The concerns most experts raised were how advances in AI will affect humans, their free will, and what it would mean to be productive in that age. Another worry was that the evolution of AI by 2030 may continue to be focussed on optimising profits and social control, with stakeholders struggling to reach a consensus on ethics.

However, they had some hope of finding ways to address these issues as there’s a global focus on ethical AI and this is moving society towards an agreement to make AI development beneficial, autonomous and just.

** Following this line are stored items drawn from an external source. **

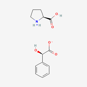 The synthesis of L-Prolinium ®-alpha-hydroxybenzeneacetate typically involves the reaction of L-proline with ®-alpha-hydroxybenzeneacetic acid. One common method is to dissolve both reactants in a suitable solvent, such as water or ethanol, and then allow the reaction to proceed at room temperature. The reaction can be catalyzed by acids or bases, depending on the desired reaction conditions. The product is then isolated by filtration and purified through recrystallization.
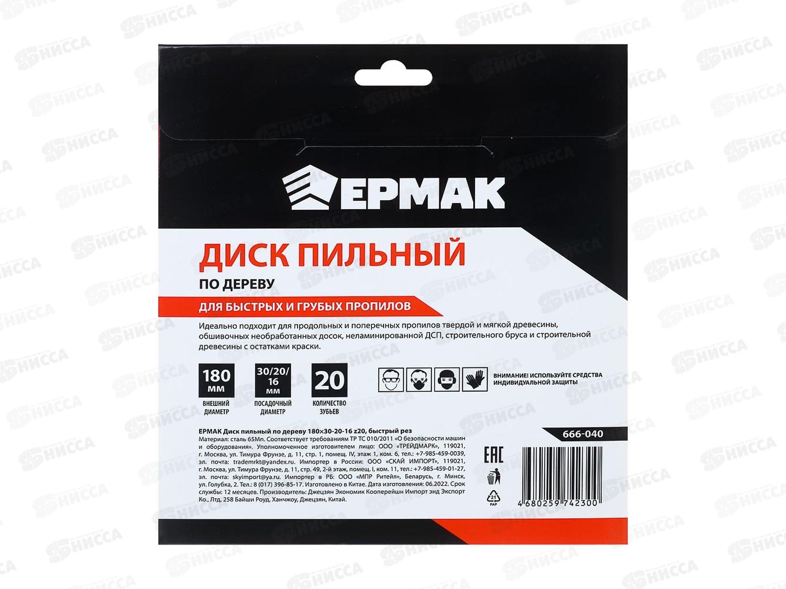 Диск пильный по дереву 180*30-20-16z20 ЕРМАК 666-040 г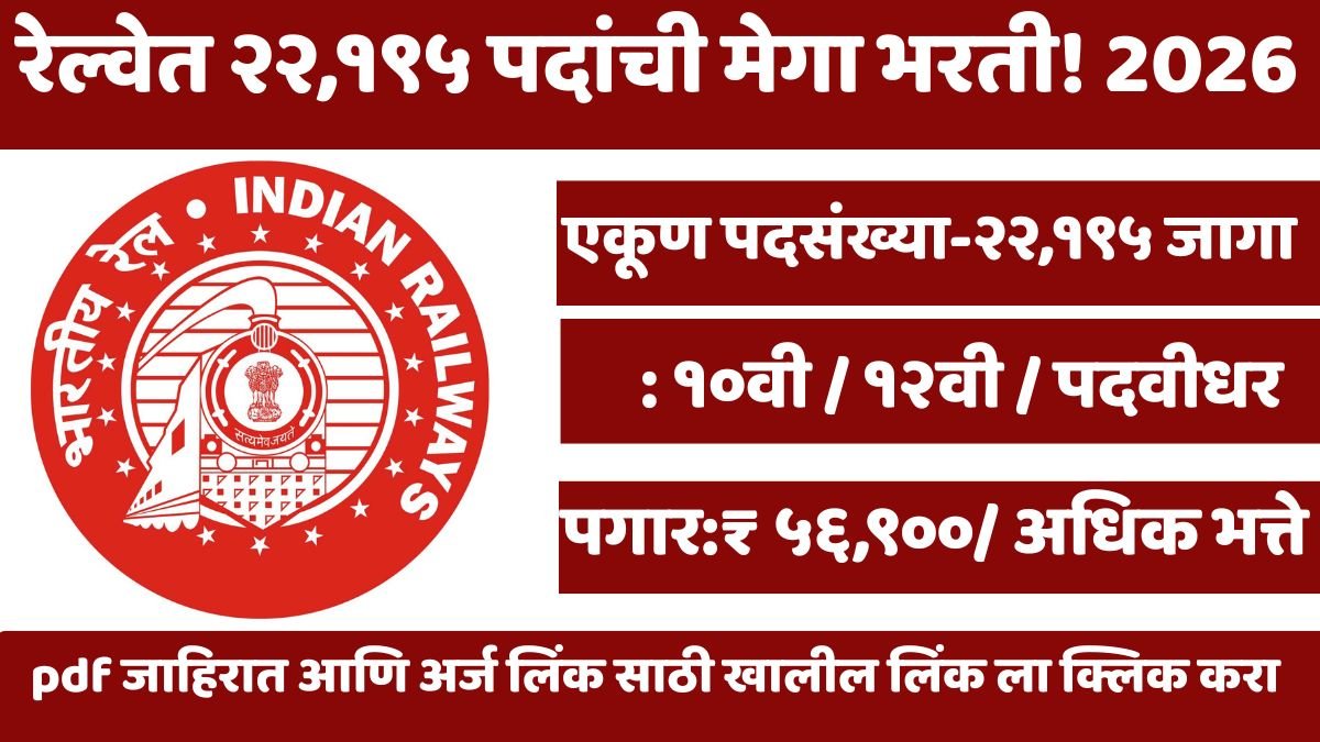 RRB Group D Bharti 2026: रेल्वेत २२,१९५ पदांची मेगा भरती! १०वी आणि ITI पास उमेदवारांना सरकारी नोकरीची सुवर्णसंधी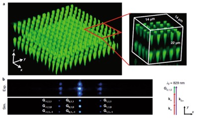 中國科學技術大學與南京大學的研究團隊合作發展出一種全新的電疇控製技術:利用聚焦飛秒激光在铌酸鋰晶體內部實現鐵電疇(二階非線性光學係數)的定點擦除,實現了二階非線性光學係數在三維空間的調製。在製備結構的過程中,吳東教授團隊提出了不同層能量補償加工技術,保證了三維結構的整體均一性。經過兩年多時間的摸索,在铌酸鋰晶體中成功製備出了四方結構的三維非線性光子晶體,光子晶體的三維周期結構參數為3 μm (x) × 3 μm (y) × 11 μm (z)。南大研究團隊在後續實驗上成功觀察到了預期的三維準相位匹配倍頻效應,100 μm光程的共線倍頻轉換效率達到了10^-4, 該值與理論估算相一致。三維非線性光子晶體研製成功為研究三維空間的非線性光學和量子光學研究提供了一種新材料, 也為三維微納光子器件的發展提供了支撐。實際上三維非線性光子晶體中調製的不僅有二階非線性光學係數,由於鐵電晶體中壓電係數、電光係數、熱電係數等所有奇數階物性張量都是隨電疇調製的,也形成了三維空間分布,可以預見,更多的新的光、聲及其耦合效應將會從這種新材料中被陸續揭示出來。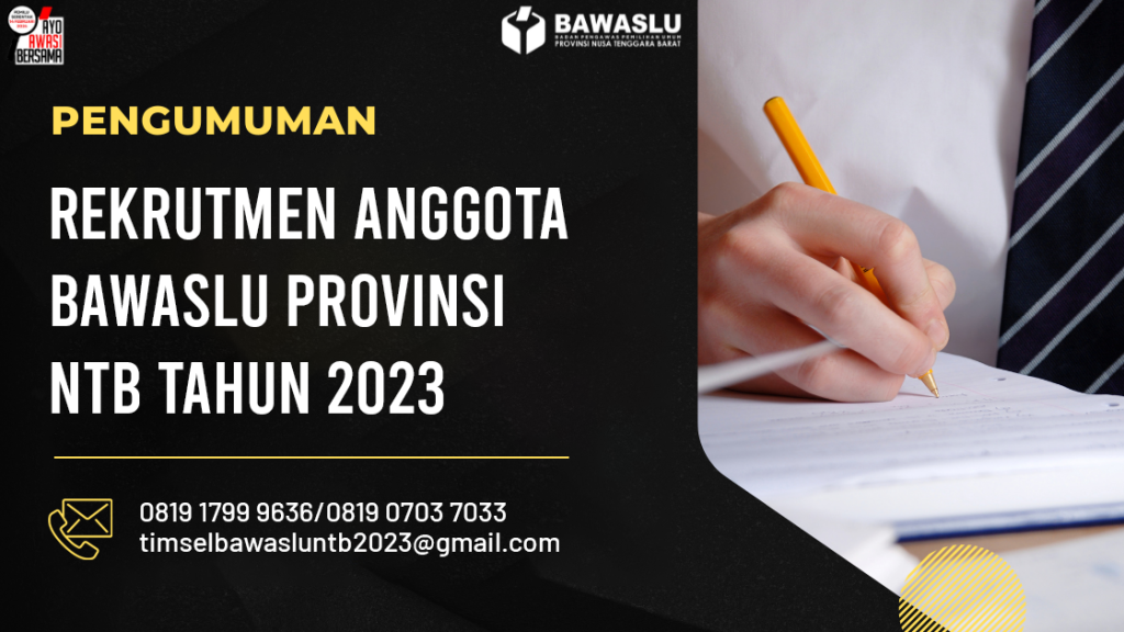 Dalam rangka pembentukan Bawaslu Provinsi Nusa Tenggara Barat, maka Tim Seleksi Calon Anggota Bawaslu Provinsi Provinsi Nusa Tenggara Barat berdasarkan Keputusan Bawaslu Nomor: 1380.03.1/HK.01.01/K1/03/2023 atas kewenangan yang diberikan oleh Undang- Undang Nomor 7 Tahun 2017 tentang Pemilihan Umum membuka kesempatan bagi Warga Negara Indonesia yang memenuhi persyaratan untuk mendaftarkan diri sebagai calon anggota Bawaslu Provinsi Nusa Tenggara Barat.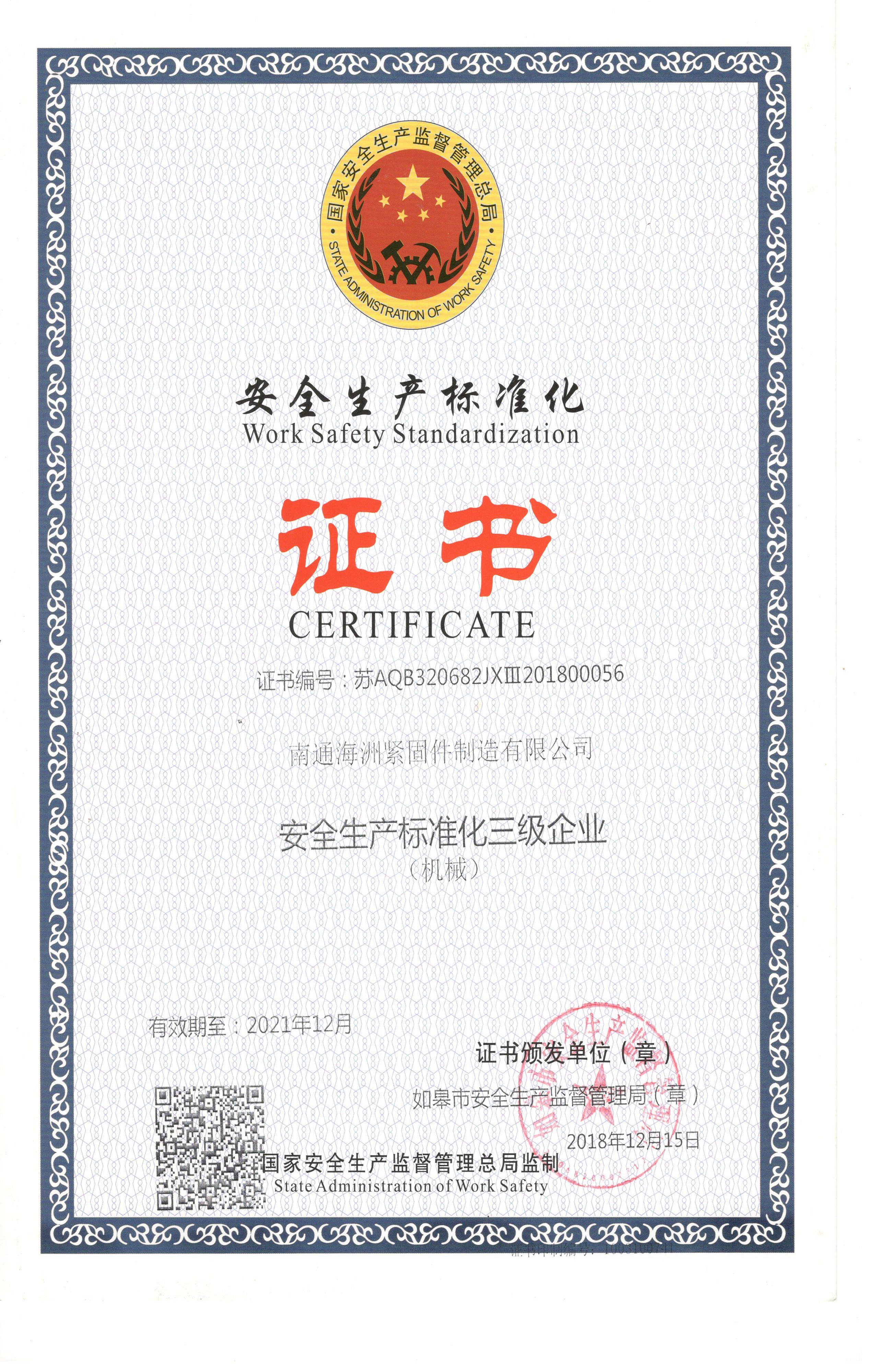安全生产标准化证书

These facts were highlighted in a new report released by the Pew Research Center and Elon University’s Imaging the Internet Center. The research surveyed 602 technology innovators, business and policy leaders, researchers, and activists.

According to the report, 68 percent of the respondents chose the option declaring that ethical principles focussed primarily on public goodwill not be employed in most AI systems by 2030. Only 32 percent of the respondents believed most AI systems will focus on public good by 2030.

Those who responded to the queries include Barry Chudakov, founder and principal of Sertain Research, Mike Godwin, former general counsel for the Wikimedia Foundation and creator of Godwin’s Law, and Jamais Cascio, research fellow at the Institute for the Future.

One of the respondents said, “Rabelais used to say, ‘Science without conscience is the ruin of the soul.’”

The research centre noted that the results represent only the opinions of the individuals who responded to the queries and not projectable to any other population.

The bulk of the research report covers those experts whose written answers have explained their responses.